Lamentations 3:40

"Let us examine our ways and test them, and let us return to the Lord."



Monday, August 22, 2011

Just Another Day in Paradise...

So, what does a typical day in the Massengill household entail??
Tons of play-time....
 Making big messes... (and then Mommy cleaning up those messes...)
And, of course, mastering new skills!
      Saturday Rylee drank out of a straw for the very first time, and today she definitely mastered that skill! She came up to a powerade I'd been drinking and just sucked a big gulp out that straw like she'd been doing it forever. My silly girl.
     The fall semester starts a week from today. This is my last fall semester as an undergraduate (I'm sure I'll have more semesters as a grad-student eventually...). It seems like I just started college. Time sure flies. This semester I have all night classes, not by choice really, I just took the classes I needed and that's when they were offered. I think I'm going to enjoy still getting to spend my days with Rylee, but I've never really liked night classes. My brain is just not in it's best learning shape after 5 PM. But I'm sure it'll be fine. I've always just been good at school regardless. Some days I will have to spend my days in classrooms completing field hours and then spend my nights in classes.

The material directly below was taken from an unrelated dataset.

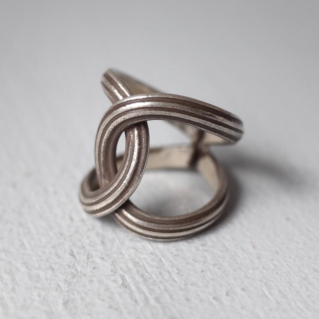 SIZE 6号 ※サイズに関しましては手採寸のため、多少の誤差がある場合がございます。 2本のシルバーにツイストを加えつつ、編み込まれている ハンドメイドリング。大胆でありつつも拘りが垣間見える ディテールがポイント。 SURFACE GENUINE SILVER CONDITION S S - 新品同様、又は試着程度のもの。 A - 傷、シミ等特に見当たらず、使用感もさほどない状態の良いもの。 B - 多少の使用感、気にならない程度の傷、汚れなどが若干見られるもの。 C - 使用感、傷、汚れなどがあるが着用に問題の無い程度のもの。 ————————————————————————————— “ ATTENTION " ・当店の取り扱うお洋服は全て古着ですのでダメージや汚れ、特有の匂いにがある場合がございます。ご理解のある方のみご購入をお願い致します。 ・商品説明に記載のないダメージや汚れが出てくる可能性もあります。 こちらも古着であることをご理解の上ご購入ください。 ・写真と実物の色味、サイズ感、素材感、状態が想像と異なる場合がございますが通販という性質上ご理解下さい。 ・銀行振込、コンビニ決済、Pay-easy、後払い決済の際にかかる手数料は別途ご負担いただきます。 ・商品に初期不良がある場合を除き、お客様都合による返品には応じかねますので予めご了承ください。 ・送料として全国一律 1,000円(税込)を頂いております。なお、配送方法については、宅急便以外にもレターパック等にてお送りする場合が御座いますが、発生した送料の差額は返金致しかねますのでご了承ください。
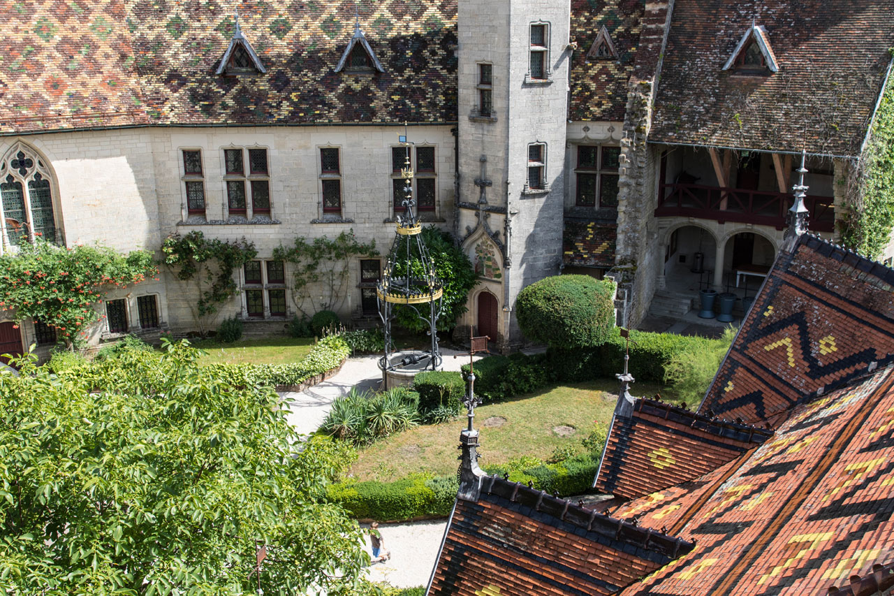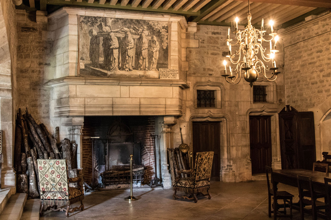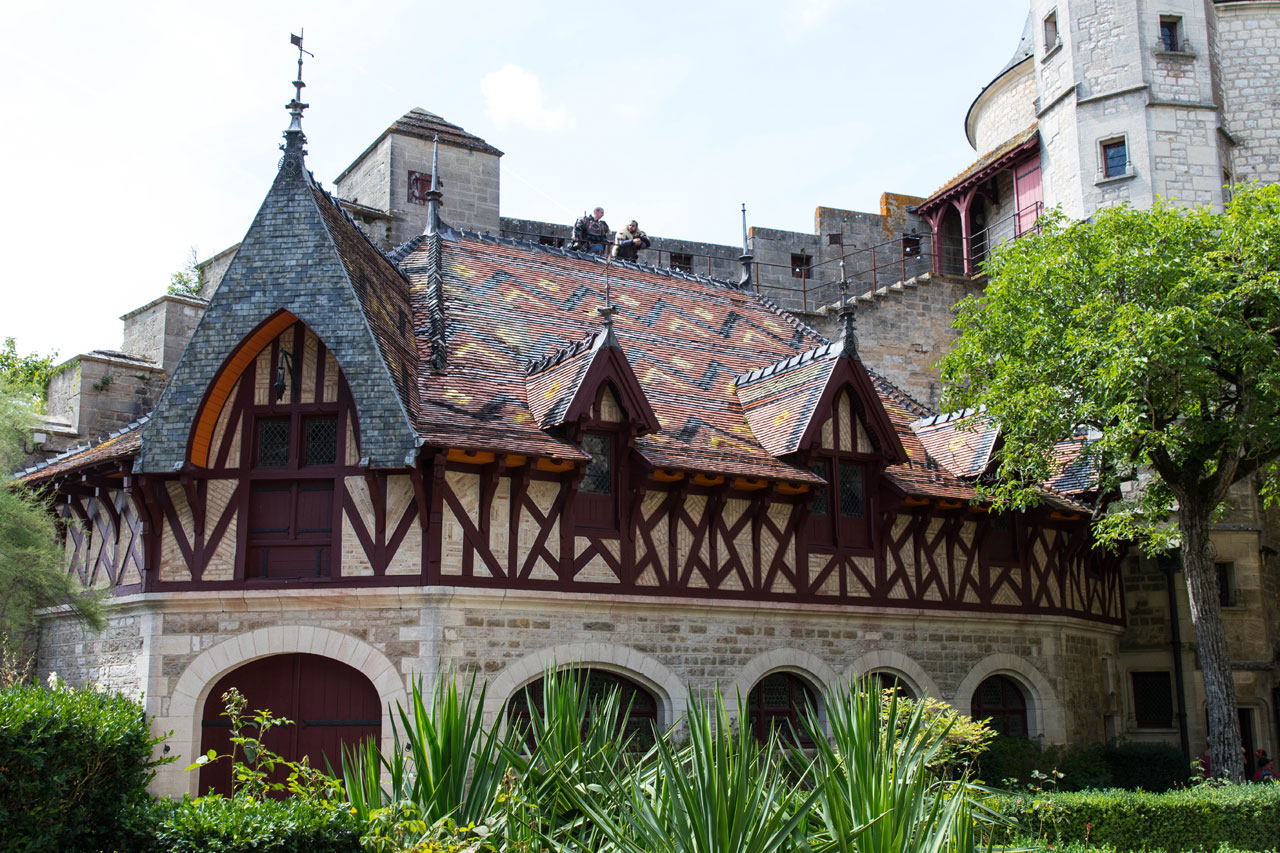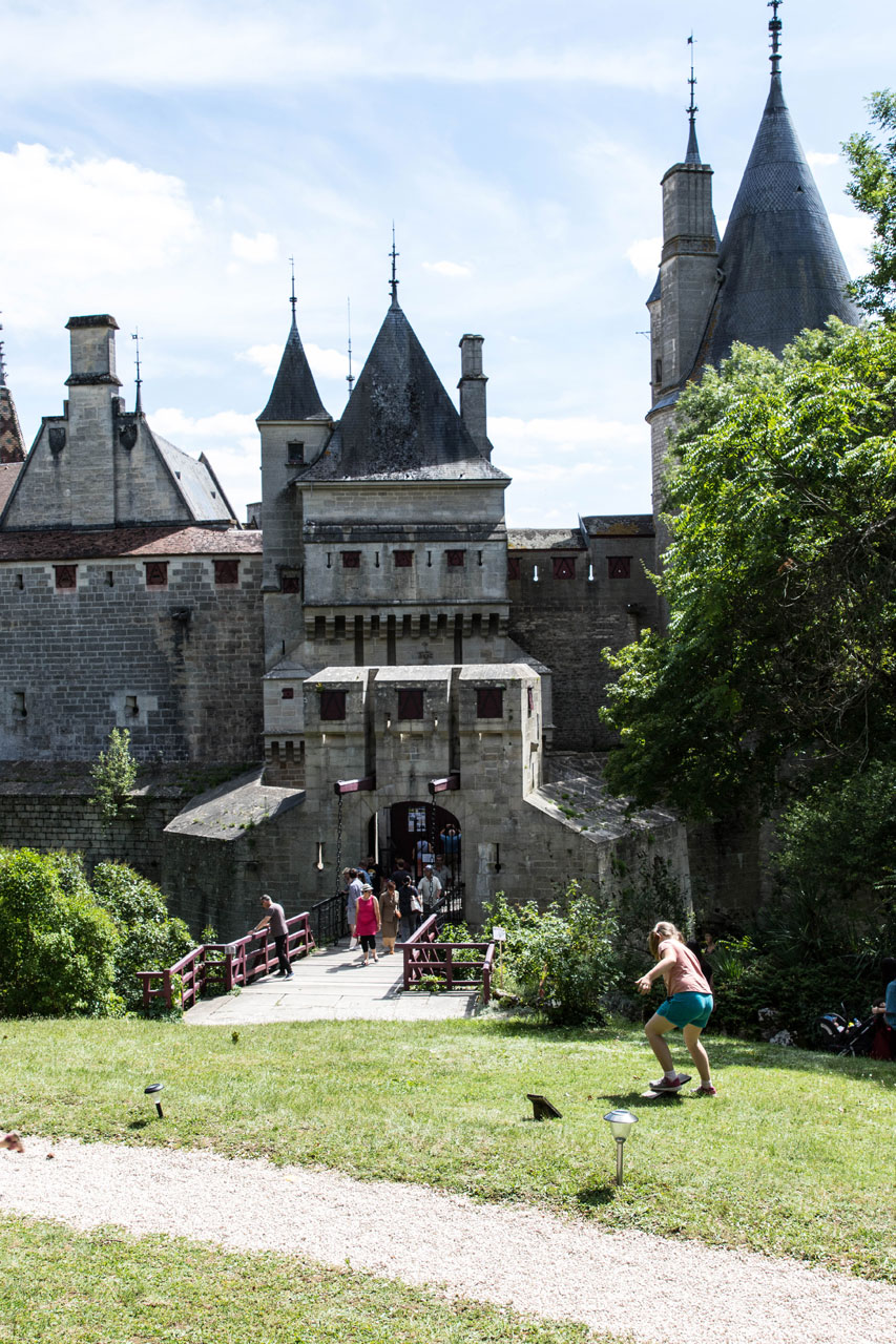Quant au château… HAAA BAH VOILA! Ca c’est un château! Un pont levis, des murs bien épais, des tours rondes avec des meurtrières pour dégommer du pécores, des mâchicoulis pour pisser sur le mec en dessous, là on discute. C’est autre chose que les trucs de fillettes le long de la Loire. HA on me dit dans l’oreillette que c’est une autre genre de château. Passons. Le truc, c’est qu’en plus celui là est beau. Avec son petit jardin intérieur, ses toits colorés, ses grandes pièces à vivre, il a du chien. Et en plus il est à échelle humaine. Pas trop grand mais pas étouffant non plus. Un chouette petit château, bien exposé, avec en plus une jolie vue. Nous repartirons tranquillement après notre visite au milieu de tous les noeunoeuds du coin, abrutis au point de s’asseoir sur le mobilier d’époque ou bien de gueuler sur Kilian pour qu’il arrête de mettre les doigts dans les yeux d’Enzo qui lui-même tire les cheveux Kevin. OS COURT!

Those days are the ones that make me wanna quit.When I leave before Rylee gets out of bed and pick her up just in time to lay her down for the night, it makes me want to die just a little. I always want to be there for her. However, I know she is in AMAZING hands when I'm at school, and she is with people she loves and who love her so much. That makes it bearable. I also know that finishing college on time after having her, will set a good example for her to know how important education is. I obviously value it, considering I'm striving to be an educator. This time next year (lord willing), I will have a full-time job. That's hard for me to imagine, being away from her for 40 hours every week. It's going to be quite an adjustment. I'll get a taste of it during the Spring semester while I Student Teach. I'm so nervous about that. I'm just not used to being away from her that much. But I know I'm going to love it, so I'm sure that'll make it easier. It'll be an adjustment, but I'm trying to be willing to adjust.